Mon Dec 6 17:38:16 UTC 2010

On 12/6/2010 2:42 AM, Trent W. Buck wrote:
> This post describes my attempts to get "clean" shutdown of Ubuntu 10.04
> containers.  The goal here is that a "shutdown -h now" of the dom0
> should not result in a potentially inconsistent domU postgres database,
> cf. a naive lxc-stop.
>
> As at Ubuntu 10.04 with lxc 0.7.2, lxc-start detects that a container
> has halted by 1) seeing a reboot event in<container>/var/run/utmp; or
> 2) seeing<container>'s PID 1 terminate.
>
> Ubuntu 10.04 simply REQUIRES /var/run to be a tmpfs; this is hard-coded
> into mountall's (upstart's) /lib/init/fstab.  Without it, the most
> immediate issue is that /var/run/ifstate isn't reaped on reboot, ifup(8)
> thinks lo (at least) is already configured, and the boot process hangs
> waiting for the network.
>
> Unfortunately, lxc 0.7's utmp detect requires /var/run to NOT be a
> tmpfs.  The shipped lxc-ubuntu script works around this by deleting the
> ifstate file and not mounting a tmpfs on /var/run, but to me that is
> simply waiting for something else to assume /var/run is empty.  It also
> doesn't cope with a mountall upgrade rewriting /lib/init/fstab.
>
> More or less by accident, I discovered that I can tell lxc-start that
> the container is ready to halt by "crashing" upstart:
>
>      container# kill -SEGV 1
>
> Likewise I can spoof a ctrl-alt-delete event in the container with:
>
>      dom0# pkill -INT lxc-start
>
> I automate the former signalling at the end of shutdowns thusly:
>
>      chroot $template_dir dpkg-divert --quiet --rename /sbin/reboot
>      chroot $template_dir tee>/dev/null /sbin/reboot<<-EOF
>      	#!/bin/bash
>      	while getopts nwdfiph opt
>      	do [[ f = \$opt ]]&&  exec kill -SEGV 1
>      	done
>      	exec -a "$0" "\$0.distrib" "\$@"
>      	EOF
>      chroot $template_dir chmod +x /sbin/reboot
>      chroot $template_dir ln -s reboot.distrib /sbin/halt.distrib
>      chroot $template_dir ln -s reboot.distrib /sbin/poweroff.distrib
>
> I use the latter in my customized /etc/init.d/lxc stop rule.
> Note that the lxc-wait's SHOULD be parallelized, but this is not
> possible as at lxc 0.7.2 :-(

Sure it is.
I parallelize the shutdowns (in any version, including 0.7.2) by doing 
all the lxc-stop in parallel without looking or waiting, then in a 
separate following step do a loop that waits for no containers running.

Here is my openSUSE init.d/lxc:
https://build.opensuse.org/package/files?package=lxc&project=home:aljex
And the packages:
http://download.opensuse.org/repositories/home:/aljex/*/lxc-0.7.2*.rpm

It makes assumptions that are wrong for ubuntu and is more limited than 
you may want in terms of what it even tries to handle.

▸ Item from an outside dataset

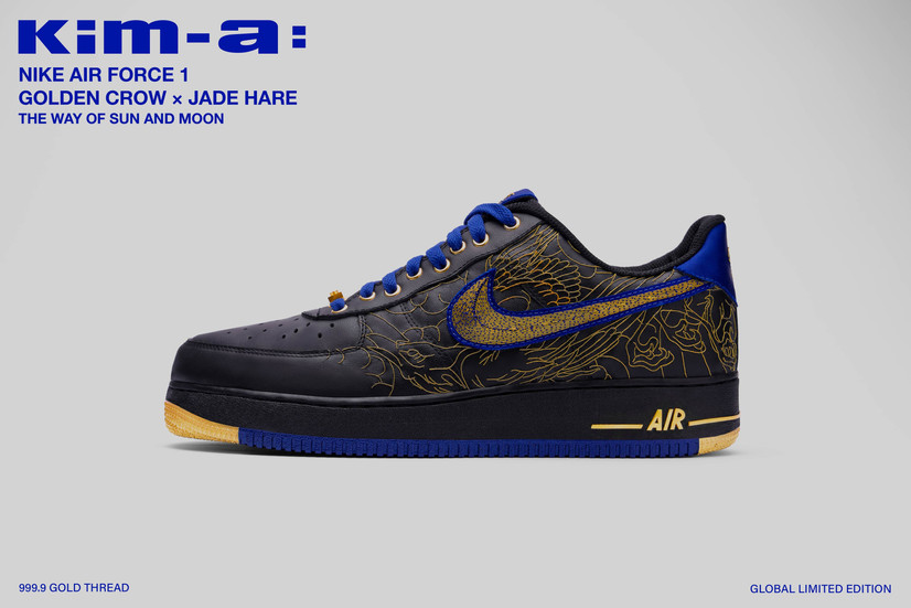本次創作靈感取自古老神話「金烏 × 玉兔」。在東方傳統中,三足金烏象徵太陽,燃燒無盡能量並不斷前行;棲於月宮的玉兔則代表寧靜、守護與重生。日與月、黑與白、動與靜,共構宇宙韻律,體現陰陽相生、循環不息的哲思。kim-a: 將此意象融入 Nike Air Force 1 經典鞋款,使鞋履不再只是運動或潮流的載體,而成為文化與工藝的承載者。

But that's beside 
the point of parallel shutdowns.

* cgroup handling includes a particular stack of override logic for 
possible cgroup mount points that makes sense to me.
- start with built-in default /var/run/lxc/cgroup, and name it "lxc" so 
as not to conflict with any other cgroup setup by default.
- if you defined something in $LXC_CONF, prefer it over default
- if kernel is providing /sys/fs/cgroup automatically, prefer that over 
either default or $LXC_CONF
- if a cgroup named "lxc" is already mounted, prefer that over all else

* assumes lxc 0.7.2 because the script is part of a lxc-0.7.2 rpm
- removes the shutdown/reboot watchdog functions that were needed in 
0.6.5 but are built in to 0.7.2 now.

* only starts containers that are defined by $LXC_ETC/*/config

* only shuts down containers that it started

* the stop function greps for /sbin/init in container inittab instead of 
trying to allow for any random container pid #1

* no provision for application/service containers, just whole systems 
started with /sbin/init

* starts containers in screen
- I have not figured out what it would take to get nice behavior out of 
lxc-console yet and screen is both easy and standard.

The $LXC_CONF (/etc/lxc/lxc.conf) referenced at the top does not exist 
usually so everything that happens is visible right in the script.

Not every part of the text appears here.